/melanoma-classification

A service for identifying melanoma in images of skin lesions using machine learning models.

Primary LanguageJupyter NotebookMIT LicenseMIT

Melanoma diagnosis service

Identify melanoma in lesion images

This repository holds the source code for my master thesis "Model as a Service: Development of a prototype for computer-aided skin cancer diagnosis".

To identify a melanoma, several neural networks were trained based on the Kaggle dataset from the "SIIM-ISIC Melanoma Classification" competition: https://www.kaggle.com/c/siim-isic-melanoma-classification/overview

The training process as well as the jupyter notebooks for all models can be found here: https://www.comet.ml/saschamet/master-thesis

A Kaggle notebook showing the training process of a single EfficientNet B5 model is available here: https://www.kaggle.com/saschamet/melanoma-efficientnetb5-noisy-student

This Kaggle notebook can be used to easily reproduce the results from this work.

Model as a Service

The ensemble can be deployed with a Docker image. The image can be retrieved here: https://hub.docker.com/r/smet/melanoma-service

The source code can be found in the /service directory.

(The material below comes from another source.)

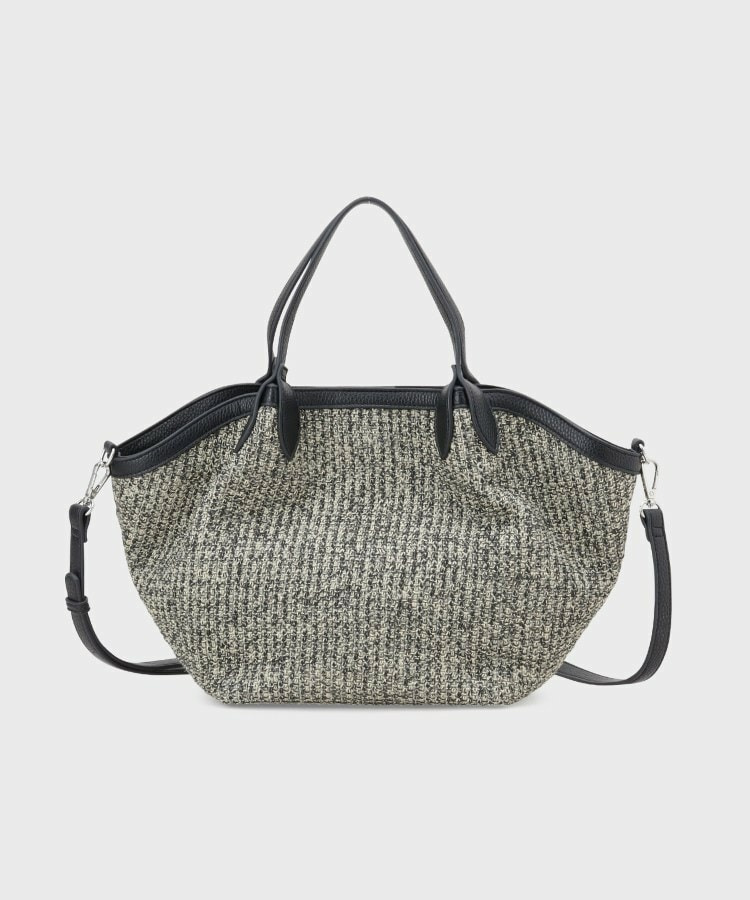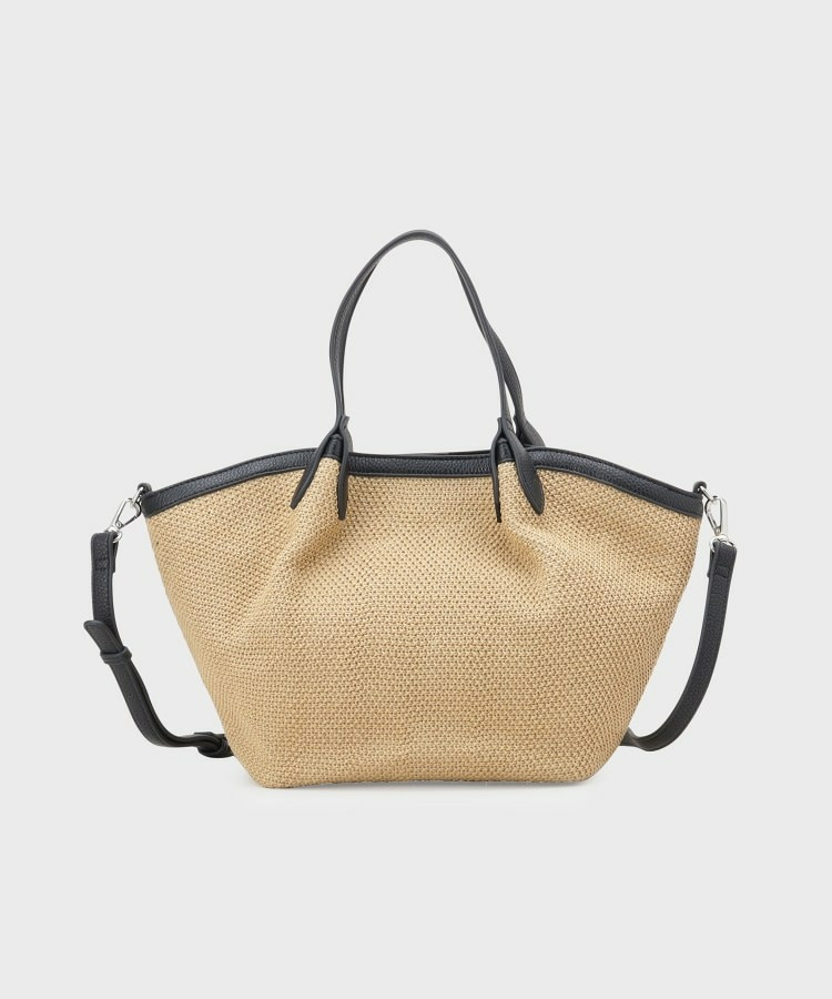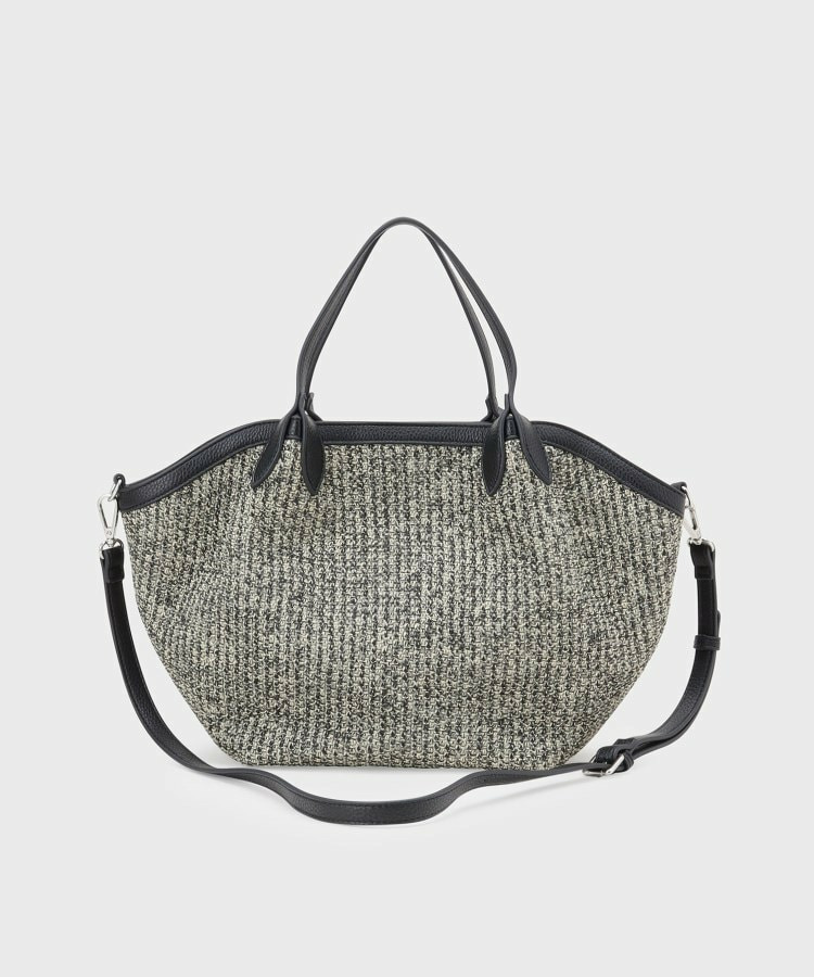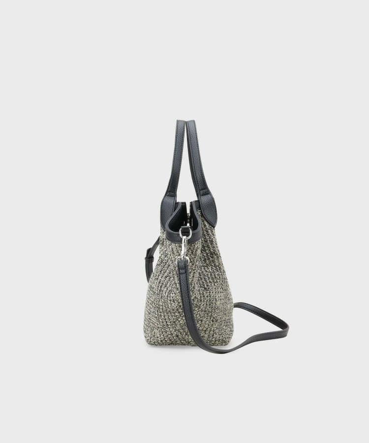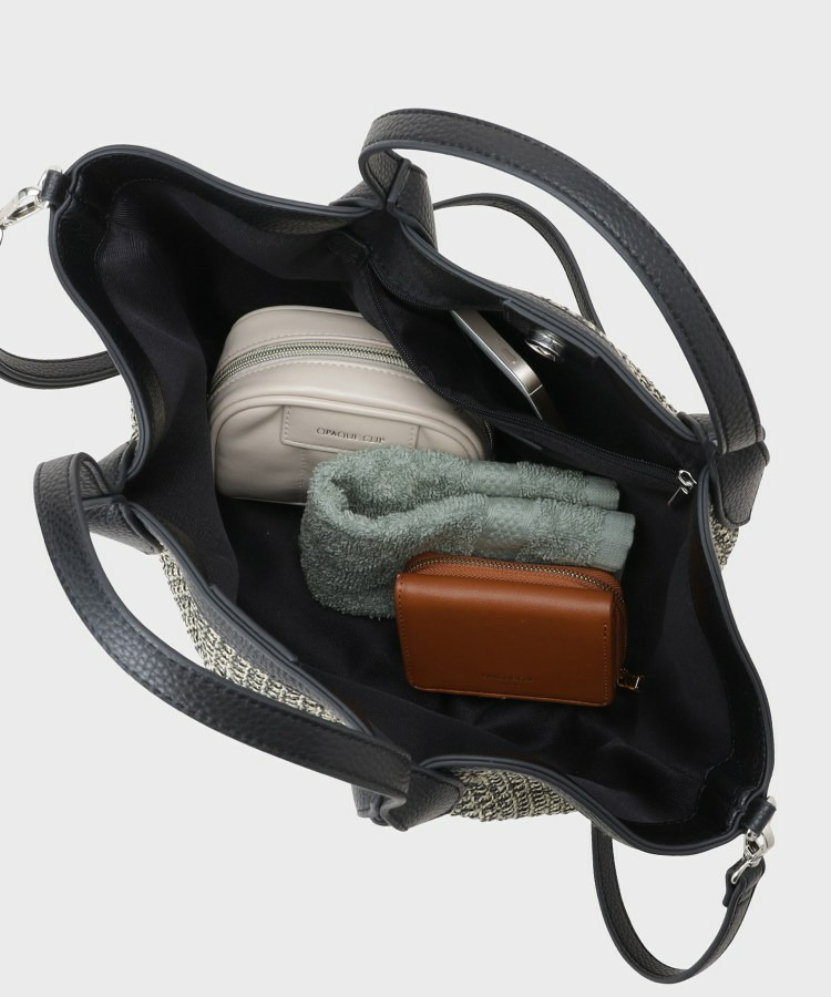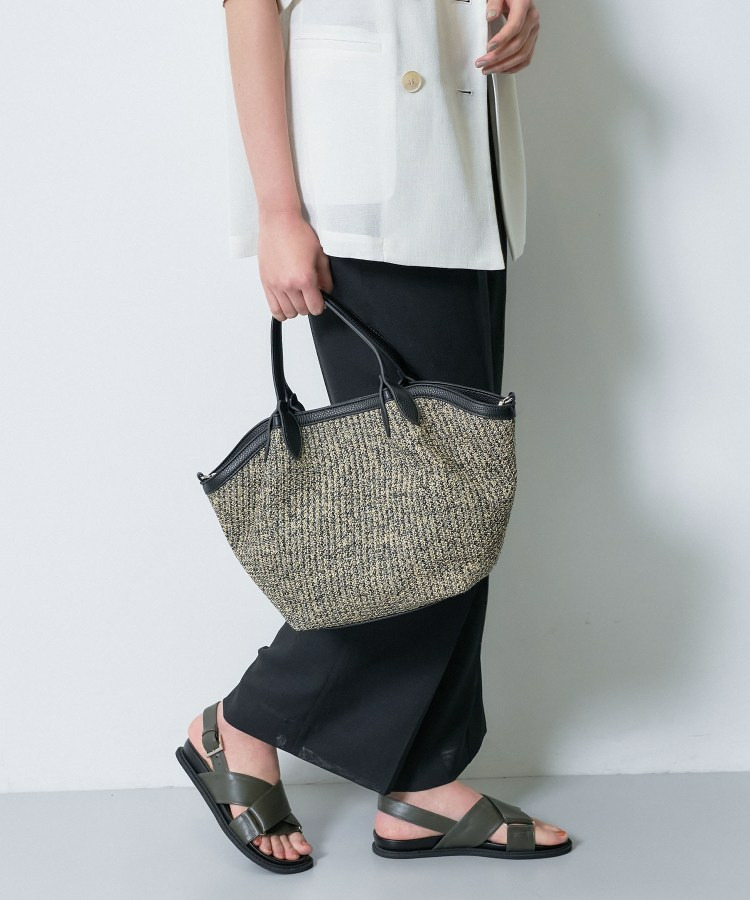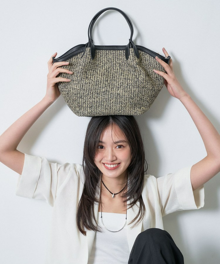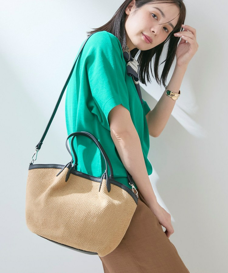夏らしいペーパー素材を丁寧に編み込んだような、かごバッグ風のミドルサイズバッグ。

To start the service, execute the following two commands:
docker pull smet/melanoma-service
docker run -d --name melanoma-service -p 80:80 smet/melanoma-service
The service is now available on port 80.

There are two routes. The first route returns simply a prediction. The second route returns a grad cam image.

  1. /predict

Method: POST;
Parameters:
  • image_url: URL of an image to predict
  • number_of_models: Either 1 or 2 - How many models should be used for the prediction.

  1. POST ​/cam

Method: POST
Parameters:
  • image_url: URL of an image to predict

Additional documentation on how to create your own service can be found in the /docs folder.

Important Note

This application is created for scientific purposes only!